How do some of us resist the temptation to overeat palatable (pleasurable) food, get through the last exhausting mile in a marathon, and force ourselves to make tough decisions when it would be easier to give in, stop and/or walk away respectively?
Is will power or self-control just a learned (habitual) skill or could it relate to the number and strength of our internal or external incentives/motivators? After all we know when we are motivated we are more likely to keep going even when the going gets tough.
Those of us who think we have little or no will power may be surprised by the research which shows that the average person spends 3 to 4 hours a day resisting desires. Self-control isn’t just about saying no to temptation. It also includes controlling thoughts and emotions, performing tasks well or making decisions.
The bottom line is that being able to practice self-control is a choice which gives us the choice particularly when it involves unhealthy habitual behaviour or giving in to temptation easily or prematurely. This skill is important to being successful in any aspect of life, forming healthy relationships and maintaining our mental and physical well-being.
Being able to regulate our impulses and desires can become a habit just like any other; the more we practice the thoughts and behavioural routines associated with self-control the stronger it becomes. And just like a muscle we can choose to flex it – or not.
However exercising willpower takes effort and for many of us this is a limited resource. In other words demonstrating self-control or making tough decisions is physically tiring, or conversely, being tired can impair our willpower and our ability to make decisions.

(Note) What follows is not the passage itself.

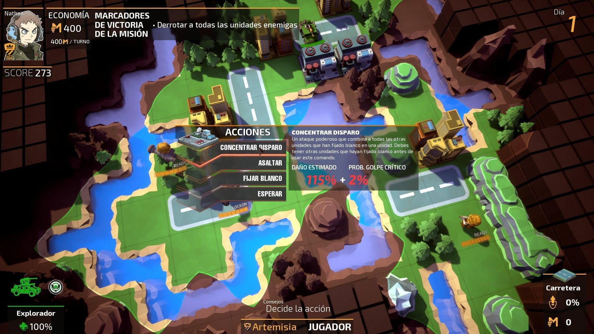 Con un rápido vistazo a las capturas del juego podemos ver que el estilo adoptado es la estrategia por turnos, y que no busca realismo ni crudeza. Las unidades –realmente grupo de unidades- se desplazan una cierta cantidad de casillas por el mapa según su movilidad. Al igual que en los SRPG, el objetivo es mover estos equipos por el mapa, acercarse a un rival y atacar. Hay contraataques, lo que significa que normalmente recibiremos daño al abrir fuego, pero la ventaja es para el grupo que ataca primero.

We know that after ‘a hard day at the office’ many of us eventually succumb to temptation perhaps by overdoing our alcohol intake or breaking the diet we had firmly ‘resolved’ to follow.
Although the brain comprises only about 2% of the body’s weight, it uses up to 20% of its energy requirements. An important source of this energy is blood glucose. Exerting self-control can use up the brain’s blood glucose. Whilst replacing it can sometimes temporarily give us a boost of energy, this doesn’t fully explain how some people can sustain self-control even when under extreme or prolonged physical or mental pressure.

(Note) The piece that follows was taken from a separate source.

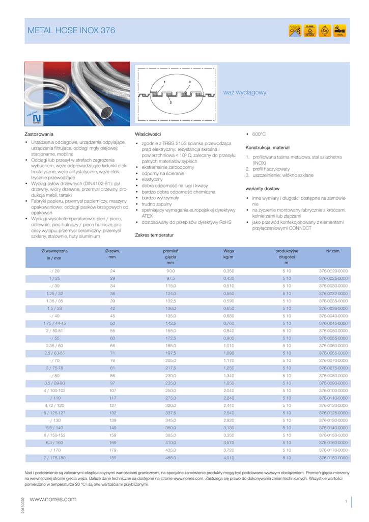 FLAME METAL HOSE INOX 376 AS Ex RETARD 1 EL +15% 3 wąż wyciągowy 2 Zastosowania Właściwości • Urzadzenia odciągowe, urządzenia odpylające, urządzenia filtrujące, odciągi mgły olejowej: stacjonarne, mobilne • Odciągi lub przesył w strefach zagrożenia wybuchem, węże odprowadzające ładunki elektrostatyczne, węże antystatyczne, węże elektrycznie przewodzące • Wyciąg pyłów drzewnych (DIN4102-B1): pył drzewny, wióry drzewne, przemysł drzewny, produkcja mebli, tartaki • Fabryki papieru, przemysł papierniczy, maszyny opakowaniowe: odciągi pasków brzegowych od opakowań • Wyciągi wysokotemperaturowe: piec / piece, odlewnie, piec hutniczy / piece hutnicze, procesy wytopu, przemysł ceramiczny, przemysł szklany, stalownie, huty aluminium • zgodnie z TRBS 2153 ścianka przewodząca prąd elektryczny: rezystancja skrośna i powierzchniowa < 10³ Ω, zalecany do przesyłu palnych materiałów sypkich • ekstremalnie żaroodporny • odporny na ścieranie • elastyczny • dobra odporność na ługi i kwasy • bardzo dobra odporność chemiczna • bardzo wytrzymały • trudno zapalny • spełniający wymagania europejskiej dyrektywy ATEX • dostosowany do przepisów dyrektywy RoHS Ø wewnętrzna • 600°C Konstrukcja, materiał 1. profilowana taśma metalowa, stal szlachetna (INOX) 2. profil haczykowaty 3. uszczelnienie: włókno szklane warianty dostaw • inne wymiary i długości dostępne na zamówienie • na życzenie montowany fabrycznie z króćcami, kołnierzami lub złączami • jako przewód konfekcjonowany z elementami przyłączeniowymi CONNECT Zakres temperatur Ø-zewn. mm promień gięcia mm Waga kg/m produkcyjne długości m Nr zam. in / mm - / 20 24 90,0 0,350 5 10 376-0020-0000 1 / 25 29 97,5 0,430 5 10 376-0025-0000 - / 30 34 115,0 0,510 5 10 376-0030-0000 1,25 / 32 36 124,0 0,550 5 10 376-0032-0000 1,36 / 35 39 132,5 0,590 5 10 376-0035-0000 1,5 / 38 42 136,0 0,650 5 10 376-0038-0000 - / 40 45 135,0 0,680 5 10 376-0040-0000 1,75 / 44-45 50 142,5 0,760 5 10 376-0045-0000 2 / 50-51 55 155,0 0,840 5 10 376-0050-0000 - / 55 60 172,5 0,900 5 10 376-0055-0000 2,36 / 60 66 185,0 1,010 5 10 376-0060-0000 2,5 / 63-65 71 197,5 1,090 5 10 376-0065-0000 - / 70 76 205,0 1,170 5 10 376-0070-0000 3 / 75-76 81 217,5 1,250 5 10 376-0075-0000 - / 80 86 230,0 1,340 5 10 376-0080-0000 3,5 / 89-90 97 235,0 1,850 5 10 376-0090-0000 4 / 100-102 107 250,0 2,040 5 10 376-0100-0000 - / 110 117 275,0 2,240 5 10 376-0110-0000 4,72 / 120 127 320,0 2,440 5 10 376-0120-0000 5 / 125-127 132 337,5 2,540 5 10 376-0125-0000 - / 130 139 345,0 2,920 5 10 376-0130-0000 5,5 / 140 149 360,0 3,130 5 10 376-0140-0000 6 / 150-152 159 385,0 3,350 5 10 376-0150-0000 6,3 / 160 169 410,0 3,570 5 10 376-0160-0000 - / 170 179 435,0 3,720 5 10 376-0170-0000 7 / 178-180 189 455,0 4,010 5 10 376-0180-0000 20150302 Nad i podciśnienie są zalecanymi eksploatacyjnymi wartościami granicznymi, na specjalne zamówienie produkty mogą być poddawane wyższym obciążeniom. Promień gięcia mierzony na wewnętrznej stronie gięcia węża. Dalsze dane techniczne są dostępne na stronie www.norres.com. Zastrzega się prawo do dokonywania zmian technicznych. Wszystkie wartości pomierzono w temperaturze 20 °C i są one wartościami przybliżonymi. www.norres.com 1 FLAME METAL HOSE INOX 376 Ø wewnętrzna AS Ex RETARD EL +15% Ø-zewn. mm promień gięcia mm Waga kg/m produkcyjne długości m Nr zam. in / mm 8 / 200-203 211 460,0 5,510 5 376-0200-0000 - / 225 236 517,5 6,180 5 376-0225-0000 - / 250 261 575,0 6,850 5 376-0250-0000 - / 275 286 632,5 7,520 5 376-0275-0000 - / 300 311 700,0 8,200 5 376-0300-0000 Dodatki CONNECT 202 CONNECT 203-204 CONNECT 205 CONNECT 206 20150302 Nad i podciśnienie są zalecanymi eksploatacyjnymi wartościami granicznymi, na specjalne zamówienie produkty mogą być poddawane wyższym obciążeniom. Promień gięcia mierzony na wewnętrznej stronie gięcia węża. Dalsze dane techniczne są dostępne na stronie www.norres.com. Zastrzega się prawo do dokonywania zmian technicznych. Wszystkie wartości pomierzono w temperaturze 20 °C i są one wartościami przybliżonymi. www.norres.com 2

In contrast when addiction and craving have developed there are those who contend that will-power and ‘choice’ disappear so that quitting is not only difficult but complicated. Because this reinforces the belief that the loss of self-control is due to the substance, a belief often shared between the addict and potential helpers, this expectation becomes self-fulfilling.
Roy Baumeister[1], a social psychologist at Florida State University, has challenged the assumption that craving for substances such as drugs, alcohol and nicotine (and you could also add palatable food), takes over an addicts life because they become preoccupied with satisfying their needs.
Baumeister points out that the brain changes which occur in addiction do not actually affect the areas essential for self-control. The Prefrontal Motor Cortex, the area responsible for the action or behaviour, is still functionally intact.
Indeed staying addicted requires a number of strategies, often carried out despite significant obstacles, which not only requires effort but also significant willpower! In other words the addict’s ability to consistently plan and execute strategies to maintain their habit is an example of ‘willfulness’.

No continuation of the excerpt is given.